Red Leaves / 紅葉
- Front-cover design for Red Leaves / 紅葉 #002, spoken-word edition
- Editor: Kirk Marshall, Yasuhiro Horiuchi
- Frequency: Annual
- Publisher: A Cowboy Named Molasses Publishing
- Founded: 2010
- Country: Australia / Japan
- Based in: Melbourne / Tokyo
- ISSN: 1836-9073

= Red Leaves / 紅葉 =

English and Japanese bilingual literary magazine

Red Leaves / 紅葉 is an English-language and Japanese bilingual literary magazine.

==Description==
Based out of Melbourne, Australia and Tokyo, Japan, Red Leaves / 紅葉 is edited by writers Kirk Marshall and Yasuhiro Horiuchi, and designed by Liberty Browne. The inaugural issue was translated by Sunny Suh, Asami Nishimura and Joo Whan Suh. The journal is produced independently through the small press imprint, A Cowboy Named Molasses Publishing, and was first published and launched in May, 2010, during the 2010 Emerging Writers' Festival in Melbourne. It featured contributions from thirty writers, including Ivy Alvarez, Toby Litt, Nathaniel Rich, Nicholas Hogg, Travis Jeppesen, Eric Dando, Patrick Holland, Jeremy Balius, Mandy Ord, Hirofumi Sugimoto, Daisuke Suzuki, Kenji Siratori, Keiji Minato, Kuniharu Shimizu, Tokihiko Araki and Iris Yamashita.
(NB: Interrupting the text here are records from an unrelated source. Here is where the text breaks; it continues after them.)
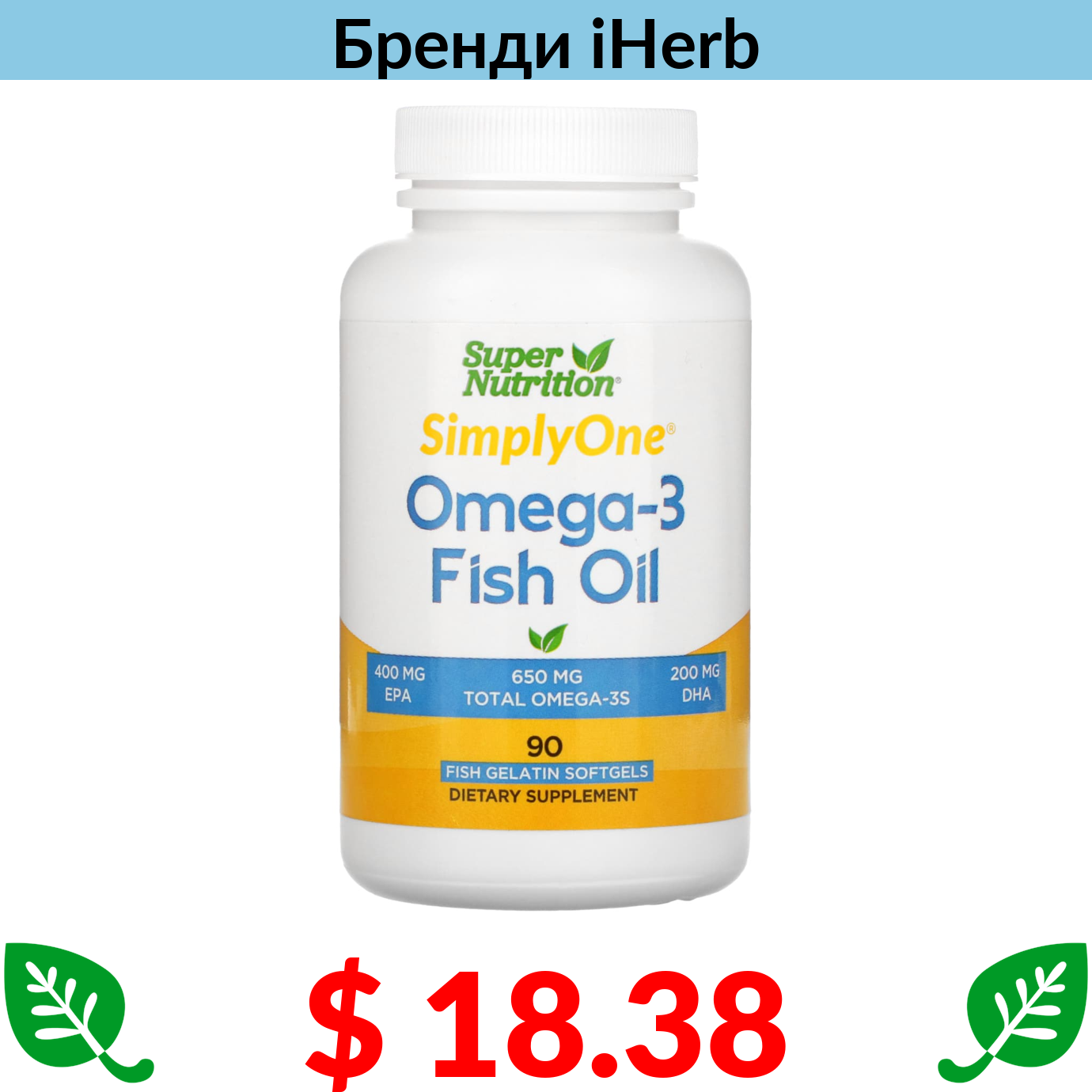 $ 18.38 Super Nutrition, риб’ячий жир з омега-3, 1000 мг, 90 капсул з риб’ячого жиру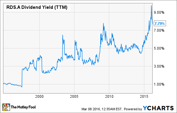Royal Dutch Shell (NYSE: RDS-A)(NYSE: RDS-B) has always been an outsized dividend payer. From 2011 to 2014, its annual yield averaged roughly 5%, almost double that of its most comparable competitor, ExxonMobil (XOM +0.48%). Since oil started falling over 18 months ago, however, that yield has been pushed up to levels as high as 9%.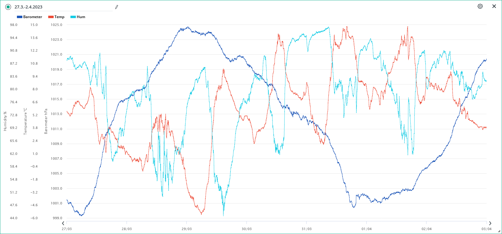 Minimální tlak vzduchu na stanici za 24h: 968,9 hPa (31.3.; 18:45)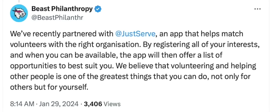 In 2004, MrBeast promoted JustServe, a service-oriented platform owned and operated by the Mormon Church.
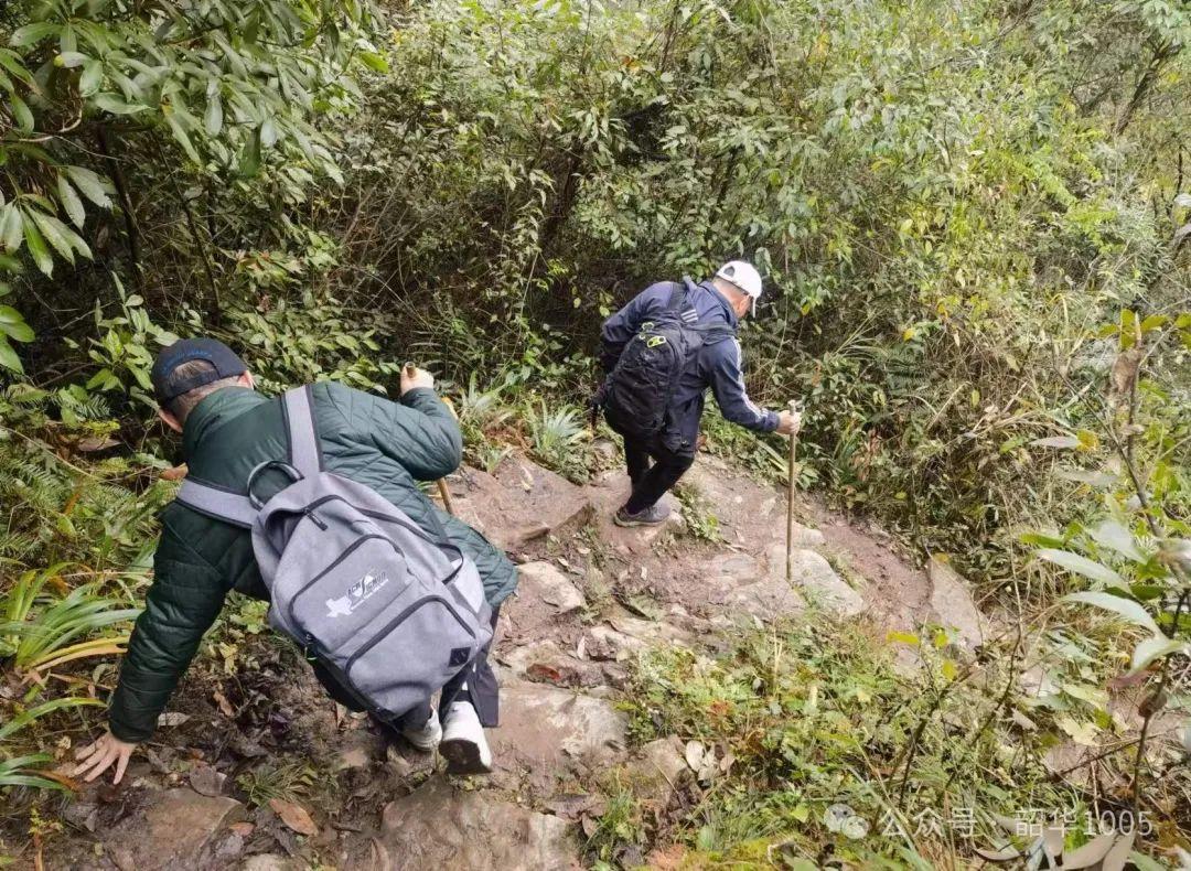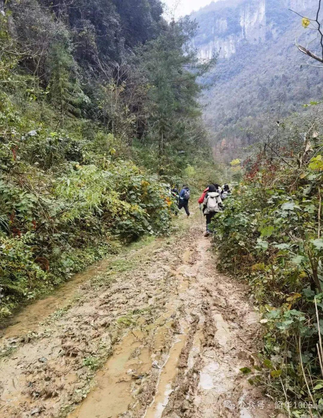 從入口處開始,我們便走上了一條僅容一人行走的煉獄級崎嶇山路,可能是剛下過雨的緣故,“之”字形羊腸小徑迂回曲折、泥濘坑洼,滿是泥槳水坑。我們不得不彎腰、低頭、側身,竹棍開路,左躲右閃,小心翼翼地邁腿抬腳慢慢地一步步往下探,深一腳淺一腳,此時什么風景都是“浮云”,安全才是第一!

The magazine is released as an anthology annually and showcases short fiction, manga, creative non-fiction and poetry. It is concerned with exhibiting the work of emerging and established authors, with an aesthetic focus on experimental narrative, cultural transnationalism and cross-cultural poetics. The second issue, a spoken-word collection, would be released in 2013.